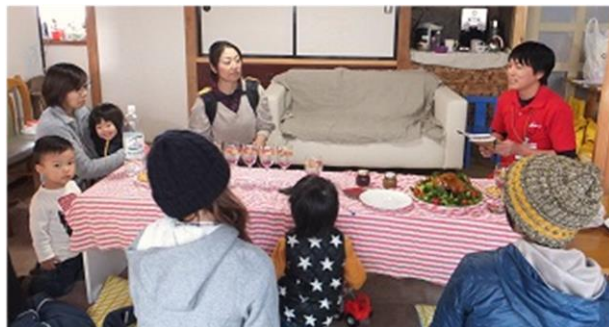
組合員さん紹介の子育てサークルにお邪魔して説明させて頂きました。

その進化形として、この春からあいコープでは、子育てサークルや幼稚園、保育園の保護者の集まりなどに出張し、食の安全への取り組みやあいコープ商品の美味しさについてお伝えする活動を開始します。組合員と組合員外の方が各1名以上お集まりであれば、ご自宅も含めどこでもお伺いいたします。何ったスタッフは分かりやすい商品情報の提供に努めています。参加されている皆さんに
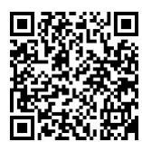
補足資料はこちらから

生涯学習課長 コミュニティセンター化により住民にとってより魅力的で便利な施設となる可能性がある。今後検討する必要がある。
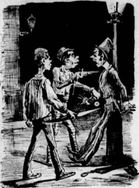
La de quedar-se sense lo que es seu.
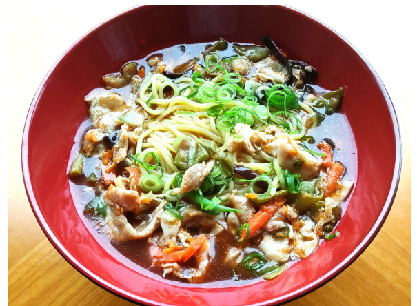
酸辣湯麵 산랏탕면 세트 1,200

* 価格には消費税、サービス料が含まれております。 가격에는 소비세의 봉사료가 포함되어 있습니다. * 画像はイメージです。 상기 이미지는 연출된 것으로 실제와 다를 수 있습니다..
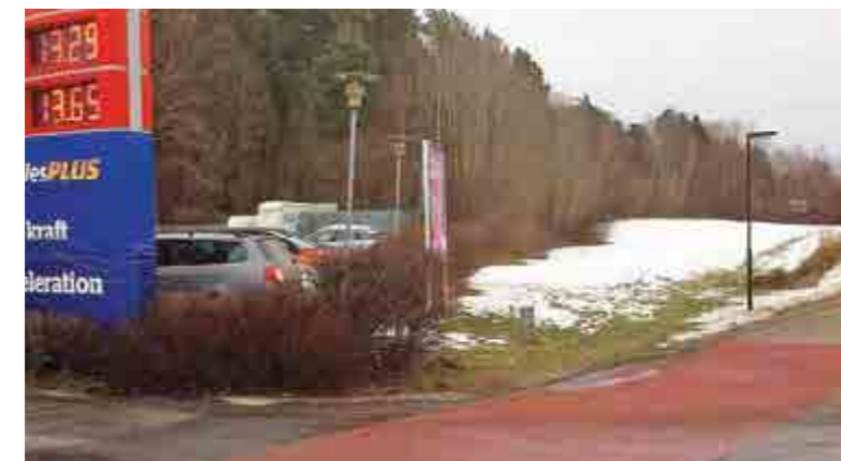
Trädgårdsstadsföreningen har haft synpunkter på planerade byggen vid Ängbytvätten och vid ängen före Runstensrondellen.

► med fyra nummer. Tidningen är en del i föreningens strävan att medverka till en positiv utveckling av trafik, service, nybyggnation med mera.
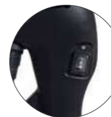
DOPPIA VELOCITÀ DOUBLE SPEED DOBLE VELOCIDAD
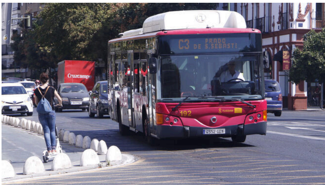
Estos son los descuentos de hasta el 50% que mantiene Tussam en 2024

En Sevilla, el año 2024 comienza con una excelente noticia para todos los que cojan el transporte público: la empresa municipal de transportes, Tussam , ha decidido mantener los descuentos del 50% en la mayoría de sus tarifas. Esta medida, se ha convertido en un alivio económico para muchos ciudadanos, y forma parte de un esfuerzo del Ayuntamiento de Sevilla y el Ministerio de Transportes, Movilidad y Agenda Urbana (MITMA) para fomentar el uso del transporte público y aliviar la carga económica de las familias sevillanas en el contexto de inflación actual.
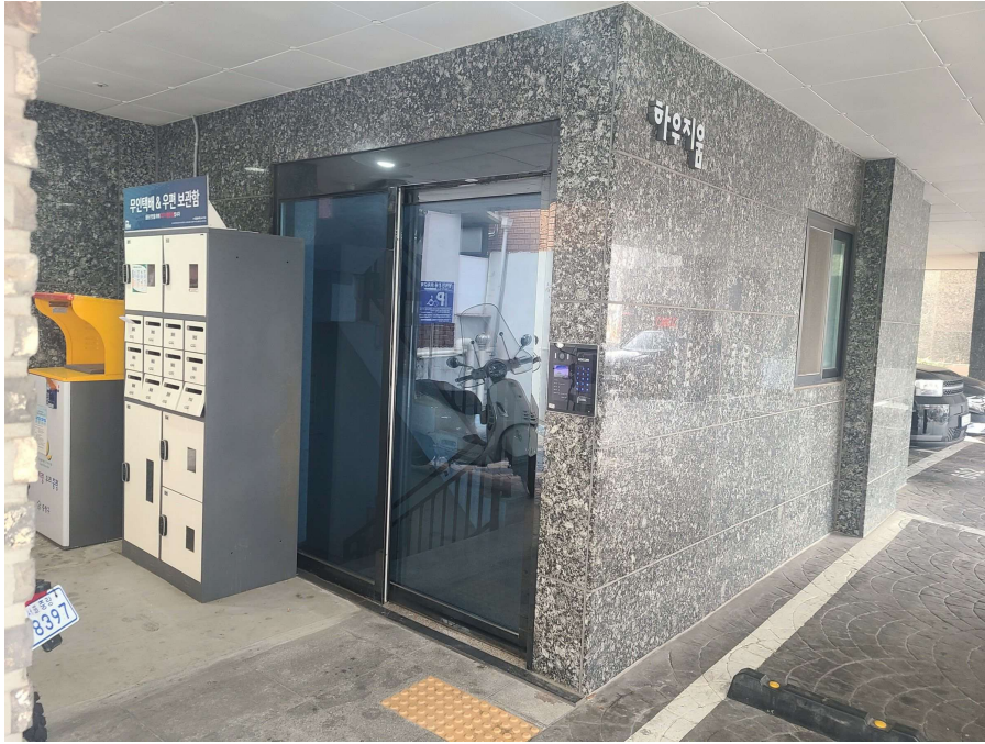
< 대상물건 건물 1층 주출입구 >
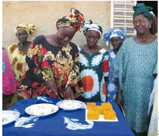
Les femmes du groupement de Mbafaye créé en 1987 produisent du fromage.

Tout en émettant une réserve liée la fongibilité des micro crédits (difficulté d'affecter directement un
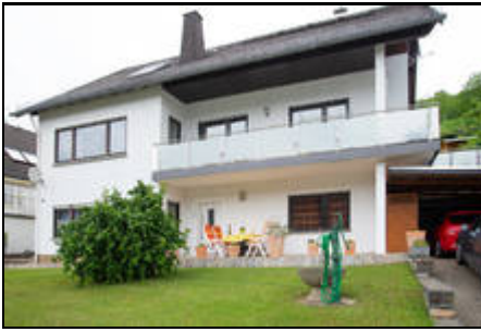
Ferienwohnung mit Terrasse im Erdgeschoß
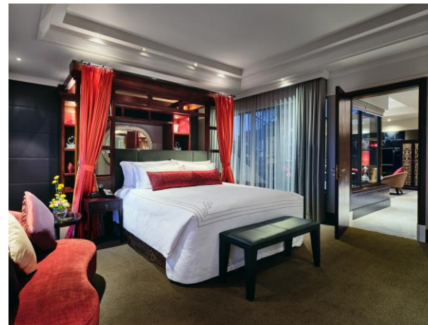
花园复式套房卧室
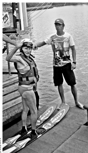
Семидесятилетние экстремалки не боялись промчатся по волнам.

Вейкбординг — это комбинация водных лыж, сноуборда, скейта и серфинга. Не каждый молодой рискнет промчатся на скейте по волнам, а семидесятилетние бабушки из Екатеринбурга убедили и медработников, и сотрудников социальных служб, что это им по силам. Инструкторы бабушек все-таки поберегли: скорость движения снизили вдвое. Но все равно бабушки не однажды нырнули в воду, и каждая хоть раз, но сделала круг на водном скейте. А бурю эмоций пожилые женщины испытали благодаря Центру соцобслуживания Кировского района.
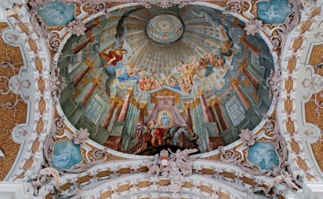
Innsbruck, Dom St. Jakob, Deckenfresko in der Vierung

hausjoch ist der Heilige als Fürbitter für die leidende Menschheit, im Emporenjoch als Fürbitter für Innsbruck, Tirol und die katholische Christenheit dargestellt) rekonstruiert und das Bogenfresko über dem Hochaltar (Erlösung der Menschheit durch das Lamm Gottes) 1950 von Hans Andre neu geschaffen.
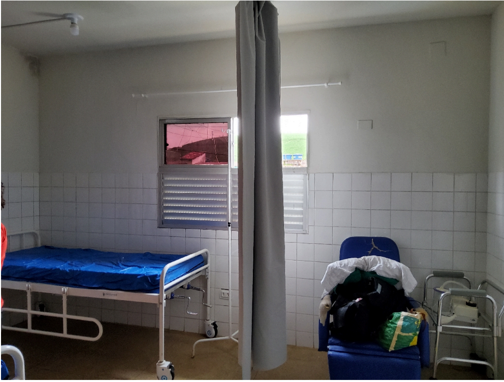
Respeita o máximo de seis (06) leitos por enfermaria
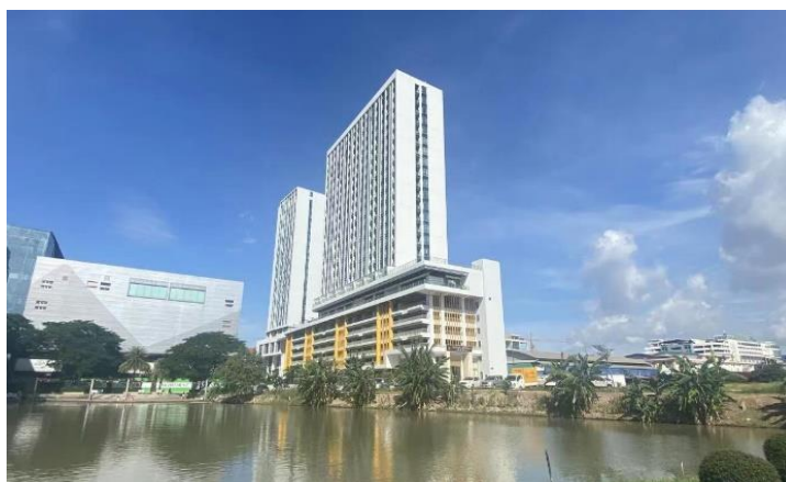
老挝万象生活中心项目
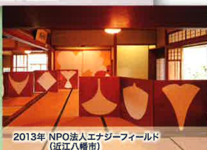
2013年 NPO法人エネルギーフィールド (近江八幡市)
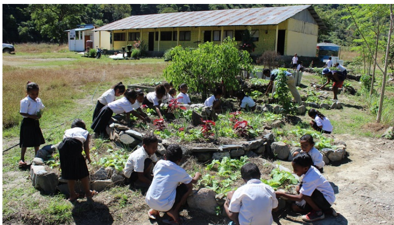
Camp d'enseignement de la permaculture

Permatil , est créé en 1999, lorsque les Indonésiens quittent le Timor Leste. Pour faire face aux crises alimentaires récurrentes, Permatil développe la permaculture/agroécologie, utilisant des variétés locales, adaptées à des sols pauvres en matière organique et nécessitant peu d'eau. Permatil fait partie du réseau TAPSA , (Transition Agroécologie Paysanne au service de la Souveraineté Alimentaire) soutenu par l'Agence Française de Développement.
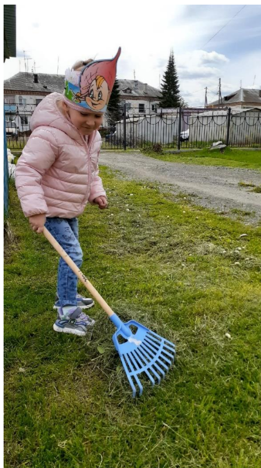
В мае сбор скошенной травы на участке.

◆ THE PROBLEM:
Set the pictures aside and transcribe exactly the stretch of lines above, beginning with the one holding "Respeita o máximo" and ending with the one holding "Camp d'enseignement de la permaculture".

◆ SOLUTION TO THIS TASK:
Respeita o máximo de seis (06) leitos por enfermaria
老挝万象生活中心项目
2013年 NPO法人エネルギーフィールド (近江八幡市)
Camp d'enseignement de la permaculture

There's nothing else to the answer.